What do you think?  Does the speech offend your sensibilities?  Well, you obviously are not a United States President.  Dr. Carson wrote that “… within a matter of minutes after the conclusion of the program, I received a call from some of the prayer breakfast organizers saying that theWhite House was upset and requesting that I call the president and apologize for offending him. I said that I did not think that he was offended and that I didn’t think that such a call was warranted.” 

“The White House was upset.”  Hell, I didn’t know a house, even a White House, could be upset.  I thought only a person could be upset.  Maybe Ben should apologize to the House.  Doesn’t the President’s complaining representative have the integrity and temerity simply to say that Obama, himself, was mad?  

The White House representative was playing “silence the opposition while ensuring that the President is not implicated in the silencing” game.  Nothing ruffles Barack and his race mongering friends more than having a black man speak his mind in a public forum when his remarks are at odds with racial orthodoxy—a racial orthodoxy that, among other things, demands that black men unwaveringly support or make excuses about anything that the half-black, child of white privilege President who pretends to be all black says.

On the other hand, Carson, all-black and presumably proud of it, who was raised by a black mother in an impoverished black neighborhood and who fought tooth and nail for everything that he has accomplished, is maligned for speaking his heart.  For instance, in “Ben Carson Was a Role Model for Black Teens Until He Sold Out to the Right” Joshua Dubois (U.S. NEWS  March 16, 2014) cites the doctor’s National Prayer Breakfast speech and then concludes, “For us, Dr. Ben Carson's story has become an American tragedy. We can only pray that he reclaims his narrative in a way that still will offer others hope.”  Just one race-based slip of the tongue and an esteemed man becomes a derided one.

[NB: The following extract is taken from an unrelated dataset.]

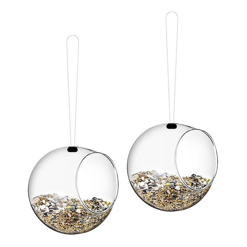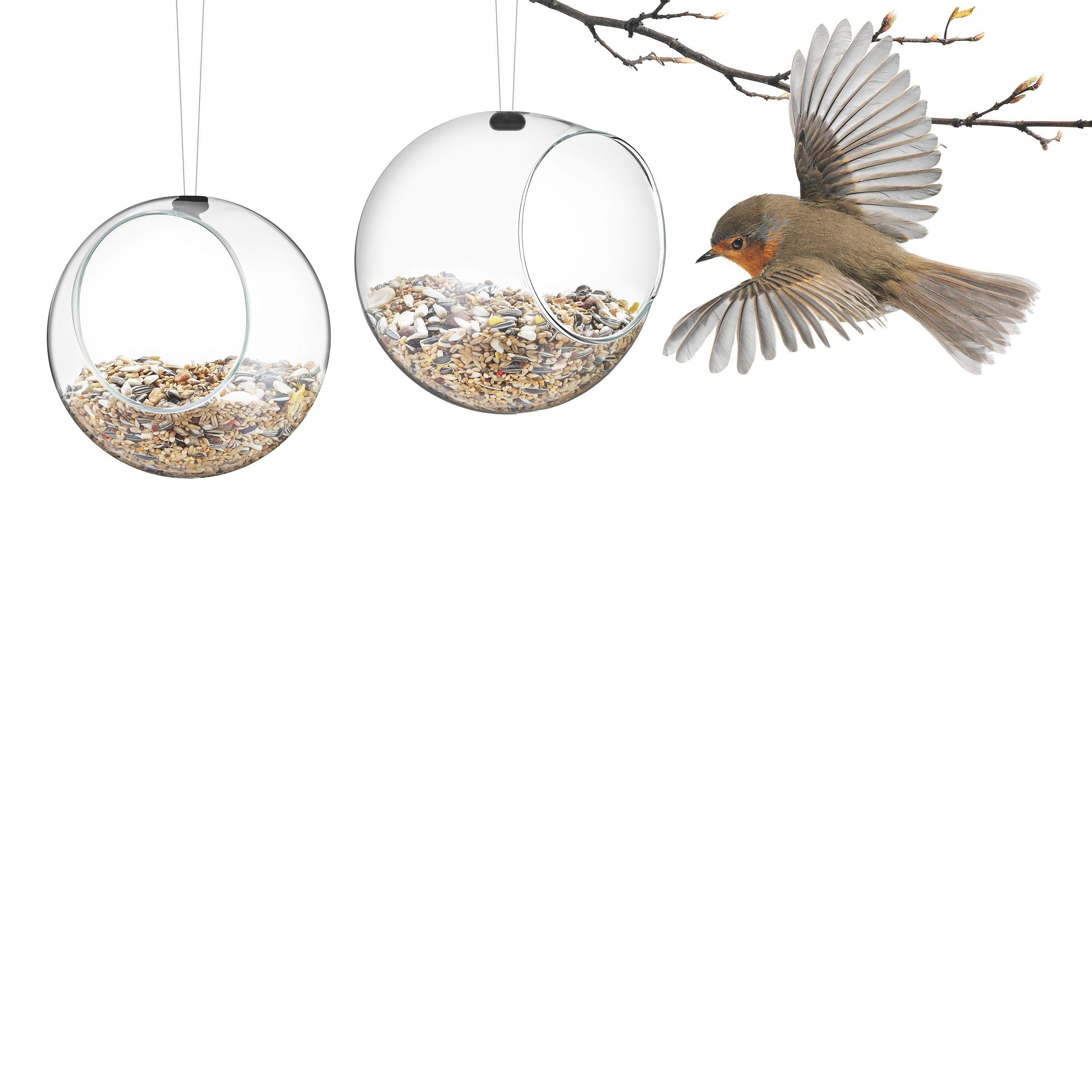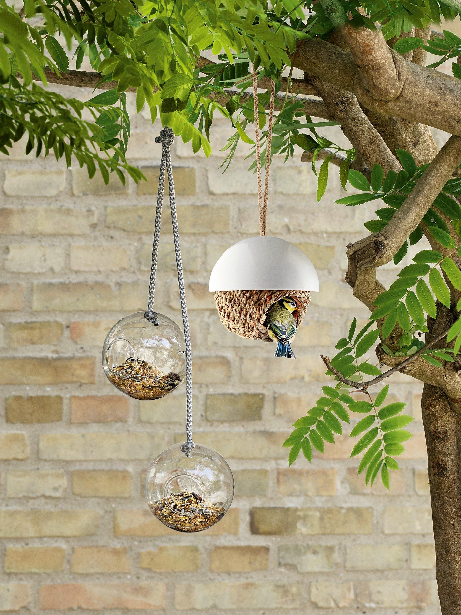 The bird feeders are designed to resemble a weaver bird's nest and are made of clear glass so you can observe visiting birds.

A somewhat related situation occurred after white Dallas Mavericks owner Mark Cuban in an interview at Inc. magazine’s convention (May 23, 2014) stated, “I know I'm prejudiced, and I know I'm bigoted in a lot of different ways… “If I see a black kid in a hoodie on my side of the street, I'll move to the other side of the street. If I see a white guy with a shaved head and tattoos (on the side he now is on), I'll move back to the other side of the street. None of us have pure thoughts; we all live in glass houses."  [see "Niggas vs. Black People, " a famous Chris Rock  stand-up comedy routine whose remarks were very similar to Cuban’s.]

When Mark Cuban suffered inevitable character assassination for an honest race-oriented, politically incorrect statement, Stephen A. Smith, a black sports commentator, sprang to his defense: “We want to pounce on him making this statement and alluding that black folks are talking about somebody in a hoodie that happens to be black… He talked about the prejudices that exist in all spectrums by all of us. Are we going to sit here and literally act like we don’t have any prejudices?” 

What next?  You guessed it.  Smith told ESPN’s “First Take” that after his Mark Cuban-supportive remarks had percolated through the communities he started hearing: “Stephen A. Smith is a sellout; Stephen A. Smith is an Uncle Tom; Stephen A. Smith ain’t black; You ain’t one of us.”  The courageous Smith then added: “But when I say I don’t give a damn, I can’t even emphasize, that does it no justice. I don’t care who in the black community disagrees with me. I’m not interested in their disagreement on this particular issue because they are not looking at the bigger picture.”

So there you have it.  The most extraordinary racial shame of America is the shunning and slandering that black people suffer whenever they say something from the heart that is at odds with race-based orthodoxy.  As the United Negro College Fund advised us beginning in 1972, "A mind is a terrible thing to waste."  To that I add: There is no greater slavery than slavery of the mind.